Monday, Oct 30, 2006

There was an interesting little question in the Post-Dispatch poll released over the weekend about electric rates. Even when told that the utilities are claiming that extending the current electric rate freeze could drive them into bankruptcy, a solid majority of 56 percent still wanted the freeze to go ahead.

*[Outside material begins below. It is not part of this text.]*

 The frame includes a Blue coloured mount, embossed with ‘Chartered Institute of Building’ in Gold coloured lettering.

QUESTION:As you may know, electric rates are scheduled to sharply increase in Illinois next year as the result of deregulation of the market. Some say the state should freeze those rates because there isn’t adequate competition in the market yet. The electric industry says continuing the freeze could drive it into bankruptcy. In your opinion, should the state:

Freeze rates at their current levels, OR

Allow the rate hikes to go into effect as planned

Here’s more from an accompanying article.

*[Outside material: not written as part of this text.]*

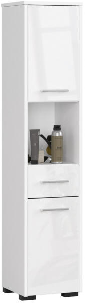 Modern, sokoldalú fürdőszobai állószekrény 2 ajtóval és 1 fiókkal, magasfényű fehér kivitelben. Tökéletes megoldás a fürdőszobai kellékek rendszerezett tárolására, falra szerelhető vagy állítható kivitelben. Elegáns tárolási megoldás modern fürdőszobákbaAz AKORD FIN fürdőszobai állószekrény a modern design és praktikus funkcionalitás tökéletes ötvözete. A

“The power companies are going to need a hell of a PR campaign'’ to win over the public to the rate hikes, predicted pollster Del Ali. “It’s not enough to threaten to go bankrupt, because people don’t care.'’

That was apparent in comments by poll respondents such as Cheri Akers of Hamilton.

“I would be more than happy to see it freeze,'’ she said. “I don’t think they would go bankrupt. I think the companies are bluffing.'’

- Posted by Rich Miller        

  1. - nomorerobberbarons - Monday, Oct 30, 06 @ 3:29 am:

    Let them go bankrupt. Let the state take them into receivership.

  2. - Anon - Monday, Oct 30, 06 @ 6:04 am:

    Few people have any sympathy or trust after the profiteering and engineered shortages of the recent past. Lets keep the freeze and see what happens!

  3. - Anonymous - Monday, Oct 30, 06 @ 6:15 am:

    Bankruptcy would force Com-Ed into a judially supervised reorganization. would’nt this produce positive results for consumers?

  4. - Bill - Monday, Oct 30, 06 @ 6:28 am:

    The overpaid, underworked executive staff would still be paid their millions in salary in bankruptcy… look at United Airlines.
    They would probably go after the meter readers pensions and health insurance.
    Thanks to Lt. Gov. Quinn for his 30 years of consumer advocacy.
    Freeze away!

  5. - Disgusted - Monday, Oct 30, 06 @ 6:37 am:

    The CEO’s of Exelon and ComEd make millions (maybe even billions) in salary and golden parachutes. The CEO of Ameren will not disclose his salary. And they expect us to take their word that the companies will go bankrupt if the freeze continues? Start at the top and run the company within reason and maybe you’ll get some sympathy.
    Enron has left a bad taste in everyone’s mouth.
    Learn from it.

  6. - Dr. Yan - Monday, Oct 30, 06 @ 6:41 am:

    I see on television what a great company Amerin is, how they do all these great things for the community. Couldn’t that AD money go for cheaper rates. I see ads in the SJR about how rate freeze will bankrupt them. The last time I checked when I go to pick my utilitiy I don’t have any choice, so it doesn’t really matter how civic-minded my utility is or isn’t, because I can’t pick-em. Save all of the ad dollars and lobbying dollars and move that money over to the lower rates account.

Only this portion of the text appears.